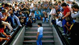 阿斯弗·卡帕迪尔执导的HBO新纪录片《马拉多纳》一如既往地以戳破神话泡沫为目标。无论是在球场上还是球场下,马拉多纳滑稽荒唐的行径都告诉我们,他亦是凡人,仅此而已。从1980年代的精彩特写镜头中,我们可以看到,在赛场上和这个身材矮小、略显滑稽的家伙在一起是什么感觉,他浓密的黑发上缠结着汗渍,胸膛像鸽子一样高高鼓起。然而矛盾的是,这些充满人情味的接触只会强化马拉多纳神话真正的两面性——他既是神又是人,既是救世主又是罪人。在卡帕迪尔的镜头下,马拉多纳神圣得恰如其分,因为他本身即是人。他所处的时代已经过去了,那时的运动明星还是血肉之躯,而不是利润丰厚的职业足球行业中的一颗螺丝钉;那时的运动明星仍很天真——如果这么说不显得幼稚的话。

==

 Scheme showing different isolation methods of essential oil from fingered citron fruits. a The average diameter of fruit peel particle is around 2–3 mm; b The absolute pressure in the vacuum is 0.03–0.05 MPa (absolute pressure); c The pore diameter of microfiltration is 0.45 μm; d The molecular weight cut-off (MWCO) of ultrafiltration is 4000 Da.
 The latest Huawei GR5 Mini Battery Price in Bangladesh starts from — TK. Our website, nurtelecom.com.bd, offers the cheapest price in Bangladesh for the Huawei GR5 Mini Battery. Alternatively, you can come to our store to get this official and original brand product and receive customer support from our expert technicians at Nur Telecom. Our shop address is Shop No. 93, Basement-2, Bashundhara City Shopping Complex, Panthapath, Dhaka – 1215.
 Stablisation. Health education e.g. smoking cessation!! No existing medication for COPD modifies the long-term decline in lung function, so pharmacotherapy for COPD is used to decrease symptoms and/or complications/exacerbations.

■ **What you need to do**: Taking the line with "Scheme showing different" as the first and the line with "The latest Huawei" as the last, retype that stretch of the data above exactly, with no other lines.

■ **Solution**:
 Scheme showing different isolation methods of essential oil from fingered citron fruits. a The average diameter of fruit peel particle is around 2–3 mm; b The absolute pressure in the vacuum is 0.03–0.05 MPa (absolute pressure); c The pore diameter of microfiltration is 0.45 μm; d The molecular weight cut-off (MWCO) of ultrafiltration is 4000 Da.
 The latest Huawei GR5 Mini Battery Price in Bangladesh starts from — TK. Our website, nurtelecom.com.bd, offers the cheapest price in Bangladesh for the Huawei GR5 Mini Battery. Alternatively, you can come to our store to get this official and original brand product and receive customer support from our expert technicians at Nur Telecom. Our shop address is Shop No. 93, Basement-2, Bashundhara City Shopping Complex, Panthapath, Dhaka – 1215.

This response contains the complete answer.